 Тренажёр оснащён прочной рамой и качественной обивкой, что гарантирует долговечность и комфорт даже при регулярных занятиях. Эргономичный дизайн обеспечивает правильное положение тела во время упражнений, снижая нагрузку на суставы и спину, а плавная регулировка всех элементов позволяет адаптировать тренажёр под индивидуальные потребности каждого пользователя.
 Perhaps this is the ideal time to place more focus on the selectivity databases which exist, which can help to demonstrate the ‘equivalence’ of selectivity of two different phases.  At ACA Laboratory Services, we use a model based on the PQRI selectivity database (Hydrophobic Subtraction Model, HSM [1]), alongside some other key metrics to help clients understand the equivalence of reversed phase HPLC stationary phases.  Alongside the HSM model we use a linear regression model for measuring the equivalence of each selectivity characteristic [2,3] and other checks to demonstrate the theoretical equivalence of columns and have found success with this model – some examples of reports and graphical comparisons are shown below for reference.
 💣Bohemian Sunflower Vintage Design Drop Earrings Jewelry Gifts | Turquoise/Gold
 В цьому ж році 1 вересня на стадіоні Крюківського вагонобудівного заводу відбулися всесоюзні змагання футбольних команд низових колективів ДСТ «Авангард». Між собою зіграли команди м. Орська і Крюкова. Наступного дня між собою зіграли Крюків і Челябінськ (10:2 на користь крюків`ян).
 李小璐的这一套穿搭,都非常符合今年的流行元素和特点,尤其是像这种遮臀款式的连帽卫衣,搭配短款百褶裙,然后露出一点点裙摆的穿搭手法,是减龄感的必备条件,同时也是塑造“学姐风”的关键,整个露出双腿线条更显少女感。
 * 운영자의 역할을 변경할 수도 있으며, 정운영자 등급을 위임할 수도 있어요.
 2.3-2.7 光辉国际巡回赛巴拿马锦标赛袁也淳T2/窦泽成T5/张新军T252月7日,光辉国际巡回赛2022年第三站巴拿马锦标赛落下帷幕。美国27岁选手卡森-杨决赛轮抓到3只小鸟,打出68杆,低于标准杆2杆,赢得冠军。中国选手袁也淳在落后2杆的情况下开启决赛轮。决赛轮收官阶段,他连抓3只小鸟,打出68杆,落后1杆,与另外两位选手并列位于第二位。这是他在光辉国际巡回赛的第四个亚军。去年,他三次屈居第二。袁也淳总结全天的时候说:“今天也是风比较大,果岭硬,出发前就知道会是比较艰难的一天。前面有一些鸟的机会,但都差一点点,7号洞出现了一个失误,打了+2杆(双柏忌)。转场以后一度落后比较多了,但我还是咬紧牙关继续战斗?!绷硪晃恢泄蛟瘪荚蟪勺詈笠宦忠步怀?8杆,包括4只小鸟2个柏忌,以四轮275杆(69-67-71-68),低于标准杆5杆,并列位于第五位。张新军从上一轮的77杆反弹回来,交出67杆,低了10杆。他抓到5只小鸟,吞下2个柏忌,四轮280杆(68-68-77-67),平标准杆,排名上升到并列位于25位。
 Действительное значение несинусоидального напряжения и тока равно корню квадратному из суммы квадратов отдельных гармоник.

————————

Lines from the top of the entries above to the line that contains "Gifts | Turquoise/Gold" should be set down exactly, please, with both ends kept and nothing added.

__TASK ANSWER__:
 Тренажёр оснащён прочной рамой и качественной обивкой, что гарантирует долговечность и комфорт даже при регулярных занятиях. Эргономичный дизайн обеспечивает правильное положение тела во время упражнений, снижая нагрузку на суставы и спину, а плавная регулировка всех элементов позволяет адаптировать тренажёр под индивидуальные потребности каждого пользователя.
 Perhaps this is the ideal time to place more focus on the selectivity databases which exist, which can help to demonstrate the ‘equivalence’ of selectivity of two different phases.  At ACA Laboratory Services, we use a model based on the PQRI selectivity database (Hydrophobic Subtraction Model, HSM [1]), alongside some other key metrics to help clients understand the equivalence of reversed phase HPLC stationary phases.  Alongside the HSM model we use a linear regression model for measuring the equivalence of each selectivity characteristic [2,3] and other checks to demonstrate the theoretical equivalence of columns and have found success with this model – some examples of reports and graphical comparisons are shown below for reference.
 💣Bohemian Sunflower Vintage Design Drop Earrings Jewelry Gifts | Turquoise/Gold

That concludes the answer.